A Month of Mournful Anniversaries

My Lai memorial site. Photo by Adam Jones adamjones.freeservers.com
My Lai memorial site. Photo by Adam Jones adamjones.freeservers.com

This month is chock-full of mournful anniversaries.

Most prominent today is the initiation of the Bush administration’s bombing campaign and invasion of Iraq in 2003, observed today by Antiwar.com’s very own Justin Raimondo. The anniversary has also been commemorated in writing by Seymour Hersh and Richard Falk, both featured in our Viewpoints section today, and earlier in the month by Eric Margolis, Stephen Zunes, Andrew Bacevich and many more.
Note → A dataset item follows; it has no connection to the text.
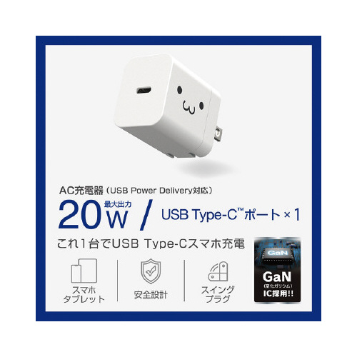 USBPowerDeliveryに対応したUSBType-Cポートを1ポート搭載し、対応するスマートフォン、タブレットなどを充電できるUSBAC充電器。隣の差込口に干渉しないスリムなデザイン。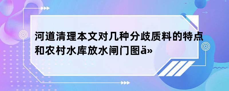 河道清理本文对几种分歧质料的特点和农村水库放水闸门图价钱实行了认识比拟

John Tirman is worth a read as is this great piece by Robert Taylor.

Saturday, March 16th, marked the 45th anniversary of the My Lai massacre, wherein US soldiers slaughtered more than 500 Vietnamese civilians. It remains one of the most shocking and memorable war crimes of the conflict, but, as Nick Turse writes at the Daily Beast, there were many others like it that most Americans have yet to hear about. Turse’s new book is a history of those appalling atrocities.

Saturday also marked the ten year anniversary of the death of Rachel Corrie, who was killed in the Gaza Strip when the Israel Defense Forces ran over her with a bulldozer on its way to demolish a Palestinian home. Rachel’s father wrote a piece for The Hill to commemorate the anniversary and lament how shamefully little has been done to prevent further Israeli destruction of Palestinian homes on Palestinian land.

Less noticed in the world of political media and Op-Ed topics is the two year anniversary of the NATO bombing of Libya, which passed yesterday. The Obama administration and their European counterparts started that war on the basis of dubious humanitarian rationales, claiming former strongman Gadhafi was poised to slaughter unarmed Libyans wholesale. They then used a rather limited United Nations Security Council Resolution for a no-fly zone, circumventing Congress and in violation of the War Powers Resolution, as a springboard to impose regime change on a dispensable dictator who had been Washington’s ally months earlier, but who quickly turned into the embodiment of pure evil once war was decided upon. Really, this was just another example of the US interfering in a civil war for the sake of its own perceived geo-political interests. Libya’s armed rebels were fast heralded as freedom fighters by war advocates, despite the fact that many of them committed horrendous crimes in the course of the war and significant portions of them had ties to al-Qaeda-linked Islamist militants. In countless articles, columns, and blog posts, Antiwar.com refuted the basic justifications for the war and warned of impending consequences. The war did produce extremely negative consequences beyond the human costs of the war itself, including destabilizing the country and the region, planting the seeds for another civil war to the south in Mali, and perhaps most infamously getting weapons in the hands of al-Qaeda-linked extremists who retaliated against covert US military raids by attacking the US consulate in Benghazi and killing four Americans. Libya today remains very unstable, with rebel groups refusing to disarm or cede control to the “government,” which has now begun to aid and abet the very Islamic militant groups that attacked the US consulate.

A sorrowful commemorative month indeed.

12 thoughts on “A Month of Mournful Anniversaries”

  1. I think that if the truth was known, a complete novel could be written of the Mournful Anniversaries
    of American atrosities throughout history,
    Even sadder is the fact that for the most part, noone paid any great price for these atrosities,

  2. This past March 10 also marked the 68th anniversary of the firebombing of Tokyo in 1945 by the U.S. 20th Air Force commanded by the late war criminal General Curtis E. LeMay. Incendiary bombs dropped by B-29s that night incinerated somewhere between 80-130,000 Japanese civilians, more than the nuclear bombing of Hiroshima and nearly as many deaths from the firebombing of Dresden, Germany in February 1945 by British and American bombers.

  3. In March 24, 1999 started 78 days bombing of Yugoslavia
    by NATO/USA with depleted uranium.

  4. Don't forget the UK in bombing Yugoslavia as well. Britain is usually in some sort of back-up role although in Syria we (not the people) are out in front in arming the 'rebels'.

    Watch this space for this year's contribution – Syria, Iran and other African states?